The assets being transferred to the sovereign wealth fund range from wholly state-owned Ziraat Bank, the government's minority shareholding in flag carrier Turkish Airlines, as well as smaller firms like the state tea-making company.
Ozgur Altug, economist at BGC Capital in Istanbul, said in a note to clients he estimated the value of the transferred assets to be $33 billion and the wealth fund would enjoy the dividends rather than the budget.
"The existing management and business plans of the companies will continue, as will cooperation with all relevant stakeholders, including international financial institutions," the government said in a statement late Sunday.
The fund was established in August 2016 but this is the first time that significant businesses have been transferred under its control. It was already controlling horse racing and lottery assets.
When the fund was founded in August, the state-run Anadolu news agency said it would be used to finance "mega projects" such as the planned Istanbul shipping canal and a new three-level tunnel under the Bosphorus.
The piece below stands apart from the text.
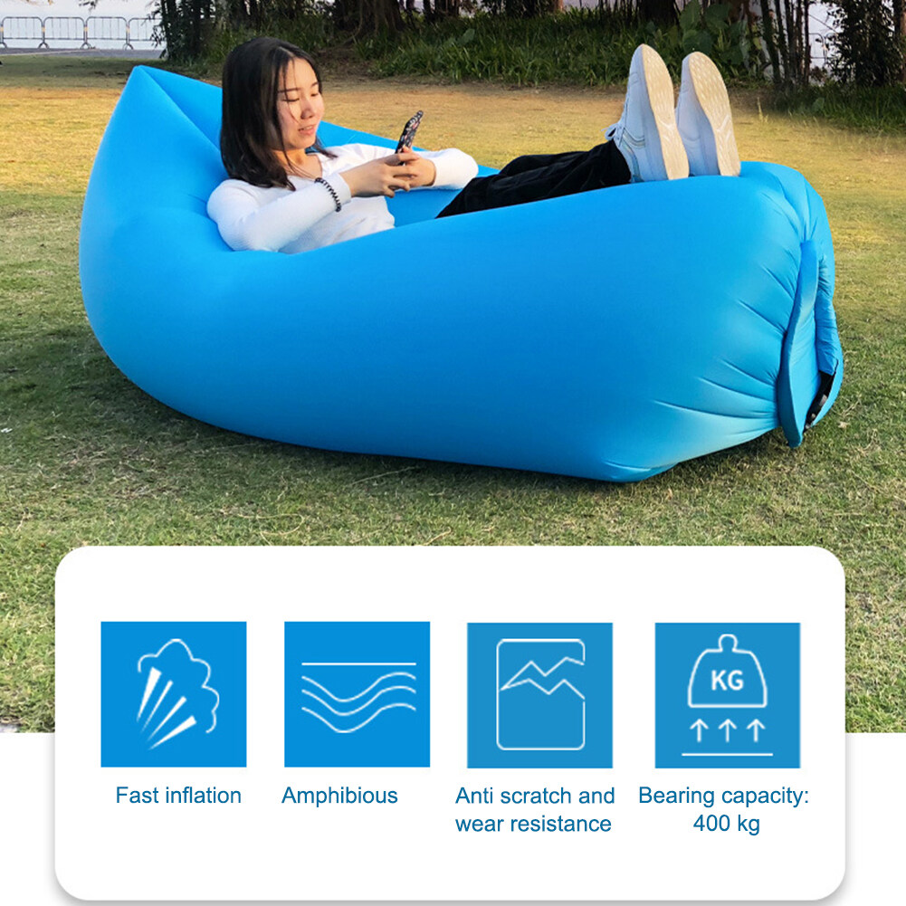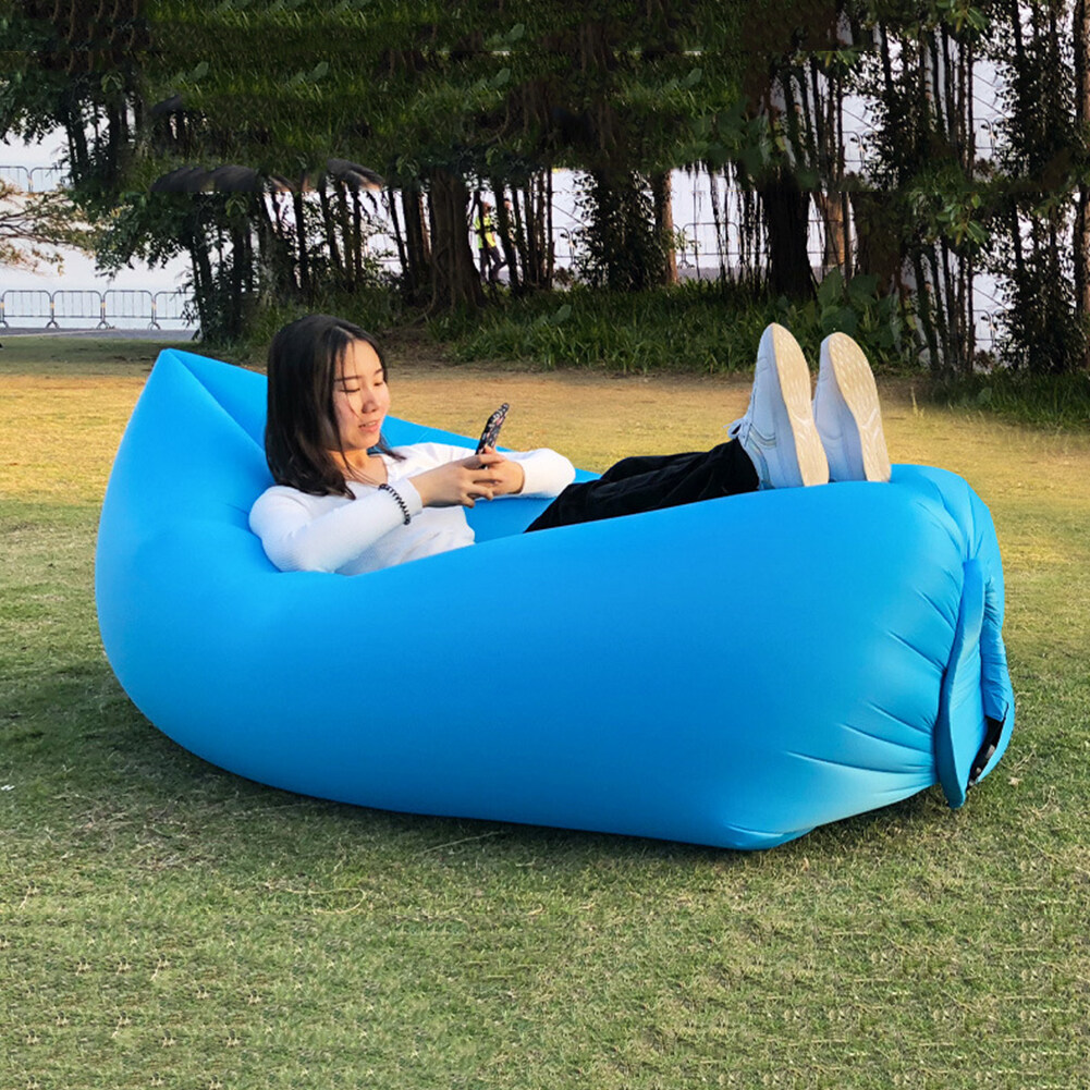 2. Simple & Fast Inflation: The camping air cushion is inflated in 5 seconds, with double air inlets and built-in PE sealing film. No need for a pump, just open the sofa bag under high wind conditions, blow air directly against the wind or lift it 2-3 times.

Erdogan fondly refers to such plans as his "crazy projects" aimed at transforming infrastructure to create a "new Turkey".
Last year alone saw the building of the third road bridge across the Bosphorus and the first road tunnel underneath the strait.
Officials have said the fund aims eventually to have a value of $200 billion (187 billion euros). There was no official comment on the total valuation of the assets moved.
But the plan did not meet universal approval, with the spokeswoman of the opposition Republican People's Party (CHP) Selin Sayek Boke calling it a "palace mortgage fund" in reference to Erdogan's presidential complex.
CHP MP Faik Oztrak meanwhile compared it to the excesses of 19th century Ottoman bureaucracy.
But government spokesman and deputy prime minister Numan Kurtulmus strongly defended the fund, saying it was aimed at "guaranteeing the strength of the economy against external interference".
He said the accusations of the CHP were "wrong and inappropriate", adding that the fund would be a "national institution".
James Sawyer, Turkey analyst at Eurasia Group, said the announcement was in line with Erdogan's vision of a more state-run economy as the nation prepares for a referendum this year on expanding his powers.
"This move will further centralise economic policy-making in Erdogan's hands without any oversight," he told AFP.
"These assets will most likely be used to ensure that funding for infrastructure megaprojects continues at any cost."
Turkey is following in the steps of several countries in putting key national assets into a sovereign wealth fund, which can be used for major projects, maintaining pensions and national welfare programmes, or in times of crisis.
But Ankara's fund is so far well behind the biggest sovereign wealth funds in energy-rich Norway and the Gulf as well as China.
Norway's sovereign wealth fund is the world's largest, worth $892 billion and holding stakes in around 9,000 companies worldwide.